Soyez gentils avec Ben Ali, il est plus proche de vous que de moi. Et vous le connaissez mieux que moi ! (Protestations sur les bancs du groupe SRC. – Applaudissements sur les bancs du groupe UMP.) Vous avez eu l'occasion de siéger à ses côtés, sur les bancs de l'Internationale socialiste, moi pas ! Je n'ai jamais rencontré M. Ben Ali à la différence de certains caciques du Parti socialiste qui le connaissent bien, ne serait-ce que pour avoir été dans le même parti. Oubliez donc M. Ben Ali car il y en a autant à votre service qu'au nôtre !

Pour en revenir aux arguments juridiques, M. Pinte, que je respecte et que j'ai écouté avec beaucoup d'attention, craint qu'on puisse porter atteinte au droit de réunion sur cette fameuse zone d'attente qui va devenir virtuelle et qui peut s'étendre à l'ensemble du territoire. Des gens qui passent à un endroit déterminé risqueraient ainsi d'être considérés comme des immigrants nouveaux, ramassés comme tels et confrontés à une situation juridique difficile.

Mais nous ne sommes pas dans le non-droit : cette zone d'attente virtuelle est couverte par les mêmes droits que les zones d'attente actuelles. C'est sous le contrôle du juge que tout se fera. Dans le cas qui inquiète M. Pinte – il peut en effet y avoir des confusions –, c'est le juge qui décidera de la réalité de la mesure. Tout ne sera pas possible dans les zones virtuelles. On ne ramassera pas à la sortie des gares des gens qui sont en train de discuter bruyamment. C'est l'idée même de la République. Nous ne sommes pas dans un régime autoritaire et répressif. Soyez rassurés, chers collègues, si d'aventure, de tels cas se produisaient, ce qu'à Dieu ne plaise, c'est le juge qui trancherait.

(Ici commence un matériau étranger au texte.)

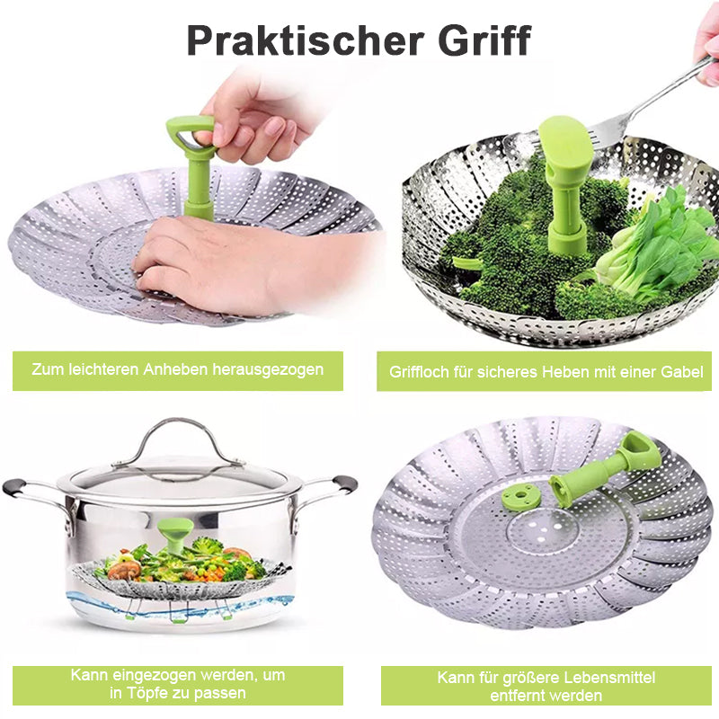 • 💚 Multifunktional: Kann nicht nur als Dampfgarkorb verwendet werden, sondern kann auch als Sieb oder Obstbehälter verwendet werden. Sie können es auch verwenden, um zusätzliches Wasser zu filtern, wenn Sie einen Salat zubereiten. Von vielbeschäftigten Müttern über College-Studenten bis hin zu kulinarischen Künstlern ist dieses Produkt auf jeden Fall ein Muss für jeden, der mehr Gesundheit in seine Ernährung bringen möchte.

Les personnes concernées ne seraient pas démunies de protection juridique, au contraire.

La zone d'attente virtuelle est une zone d'attente comme les autres. On l'a simplement étendue pour répondre aux vagues probables d'immigration. L'exemple de l'Italie montre que la plupart des immigrés qui arrivent en groupe ont tendance à ne pas passer par les postes frontières. Il fallait répondre à une situation exceptionnelle par une mesure qui n'est pas d'exception. C'est une mesure juridiquement et judiciairement contrôlée. Les inquiétudes émises sont donc injustifiées. Voilà pourquoi la commission a émis un avis défavorable sur les amendements de suppression.